Pacific:Tree Seeds Take Front Seat in Forest/Tree Protection

Published: Mon 6 Aug 2012 03:12 PM
6th August 2012
Tree Seeds Take Front Seat in Forest and Tree Protection
Pacific Islanders depend on forests and trees for food security, fuel, timber, and for their traditional medicines.
Forests and trees are also an integral part of islands cultural activities; they are of importance in improving soil fertility, water quality and supply, and environmental protection.
But according to Mr. Sairusi Bulai, Forestry Team Coordinator for the Land Resource Division of the Secretariat of the Pacific Community (SPC), the region’s forests are under threat.
“Continual deforestation and forest degradation primarily resulting from unsustainable practises, coupled with extreme climate events, including climate change, have highlighted an urgency for Pacific Island countries and territories to better conserve, manage and use their forest and tree genetic resources.”
To address the threat, the Pacific is Island countries and territories agreed on a regional action plan for the conservation, and management and sustainable utilisation of forest and tree genetic resources in the Pacific.
The action plan which was endorsed by the Ministers of Agriculture and Forestry Meeting in Apia, Samoa, in 2008, has the establishment of a regional tree seed centre to facilitate germplasm exchange and sharing as one of the plan’s core strategies for the achievement of its goals. Mr. Bulai said that the purpose of the establishment of the Pacific Island Tree Seed Centre is to support countries in maintaining and enhancing diversity of their forest and tree resources by facilitating the efficient and safe exchange and sharing of seeds of priority tree species within the 22 SPC island countries and territories- all partners in the Centre.
The priority species include timber, fruit/nut trees, and shrub species as well as those trees resistant to cyclones, their contribution to coastal protection and their ability to adapt to atoll conditions.
An important aspect of the sharing of seeds will be the application of a Material transfer agreement (MTA) between the supplying country and the Centre to ensure that the interests of both parties are protected.
“Work on this is on-going, and the target is to have the MTA’s for Fiji, Solomon Islands and Vanuatu, three of the main seed sources, endorsed before the end of the year.”
The Centre is the regional focal point for the coordination and implementation of priority seed collection, treatment, storage, distribution, research and training.
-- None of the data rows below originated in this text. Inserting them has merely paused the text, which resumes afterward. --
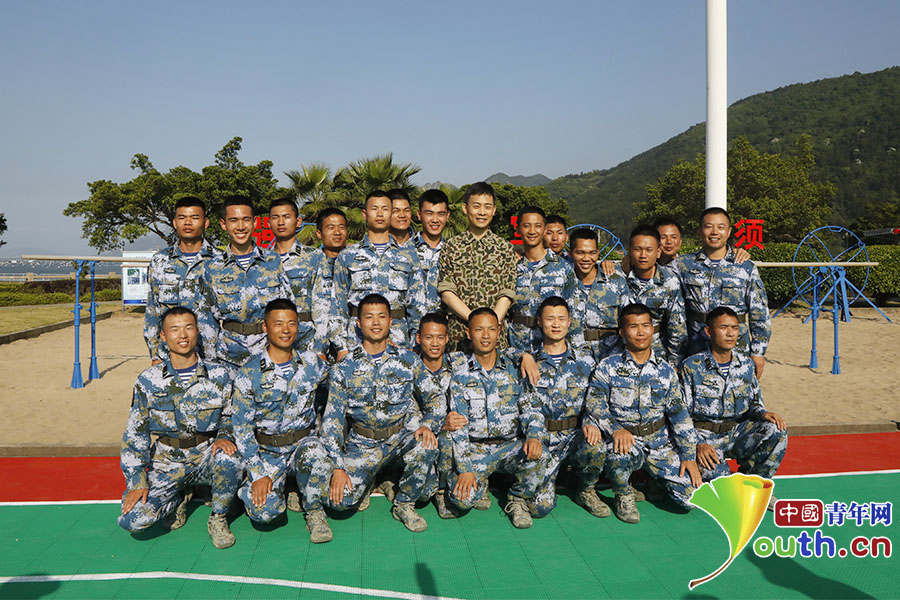 张译在训练场与海军官兵合影留念。 卢冠琼 摄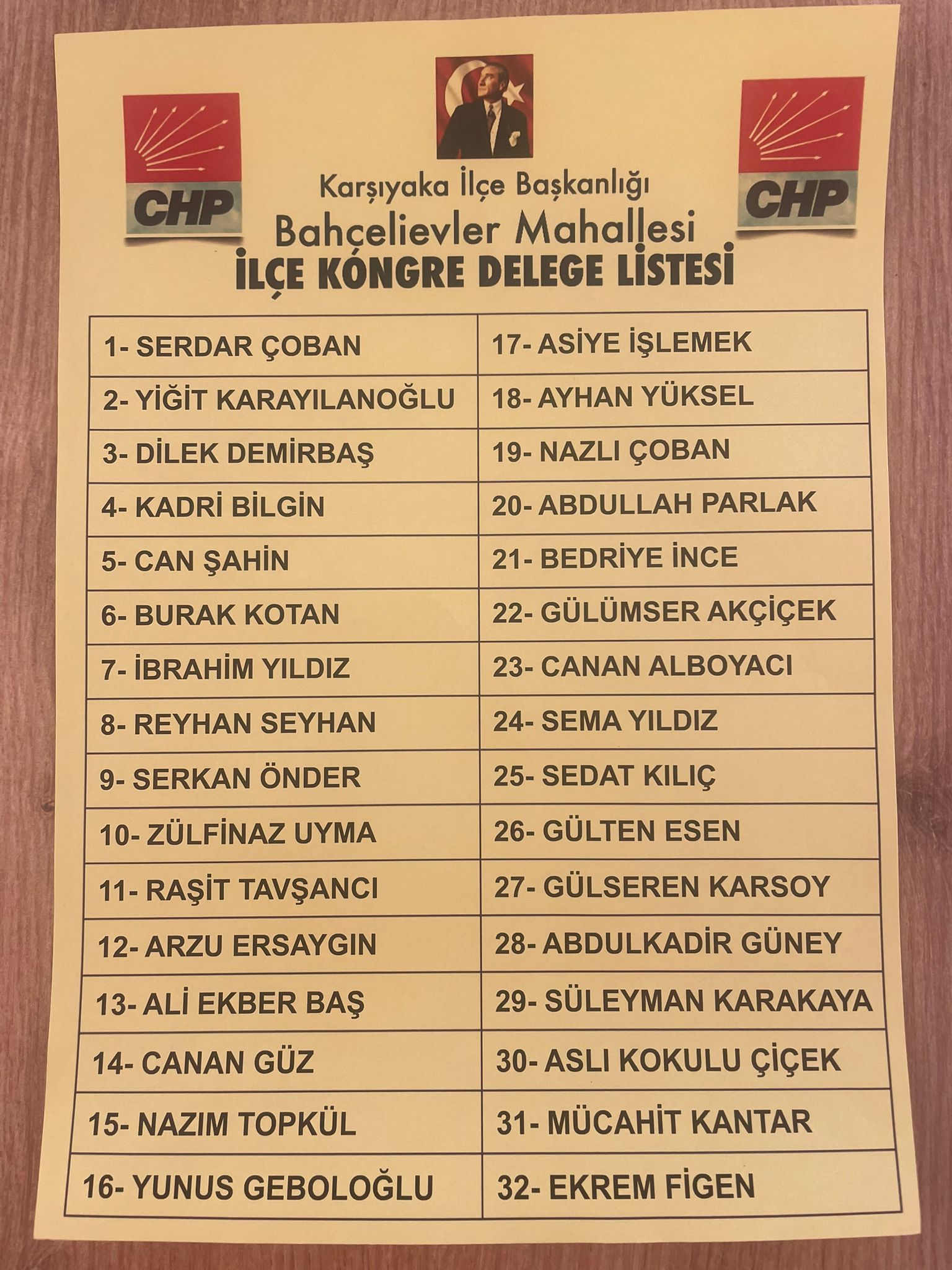 Mevcut İlçe Başkanı Rafet Yacan’ın yer aldığı mavi liste ise mağlup oldu. Mavi listenin kaybetmesi üzerine Yacan delege seçilemedi.
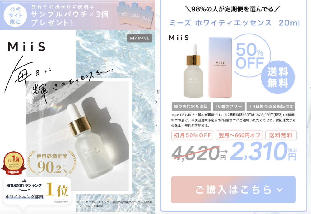 MiiSでは、まずホワイトニングジェルを開発し、2021年7月にECサイトで販売をスタートしました。長く利用して欲しいという想いから、当初から定期販売を主軸に考えており、定期販売で成功している他のブランドが最も活用しているシステムがecforceだったので導入を決めました。当時、ECの立ち上げ経験のある社員がいなかったため、ECサイトの仕組みを把握しながらの立ち上げにはなったものの、スムーズに導入から実運用まで開始できました。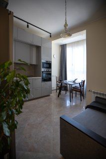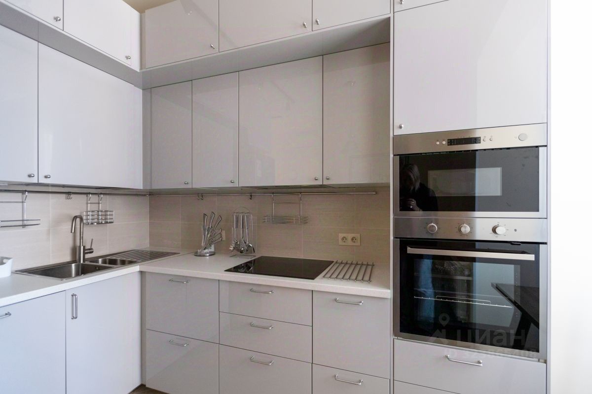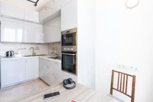 Общая площадь — 42,5 м², из них просторная кухня, оформленная со вкусом: удобный кухонный гарнитур, обеденная зона, раскладной диван и вся необходимая техника — всё остаётся новому владельцу.

Protocols for the collection, processing, treatment and storage for seeds of individual species will be developed in line with internationally accepted best practice.
“An integral part of our work will be capacity building. We need to make sure that those who send us seeds and those who receive them are properly trained with the thorough knowledge and skill on seed collection, treatment and storage including seedling production in line with the agreed protocols,” said Mr. Bulai.
The success of these activities depends on regional cooperation among member countries to share their genetic resources with other member countries. This approach has been well proven for many crops in the Pacific and should work similarly for trees.
The Centre, located in Suva, Fiji, is being established in partnership with international and regional development partners. The EU, through the project Facilitating Agricultural Commodity Trade (FACT), is funding a tree seed technician for the Centre and the Japan International Cooperation Agency (JICA) is providing most of the equipment, tools and materials needed for its operation while the Commonwealth Scientific and Industrial Research Organization (CSIRO) of Australia is providing assistance on building the capacity of SPC and member countries and territories staff on tree seed technology.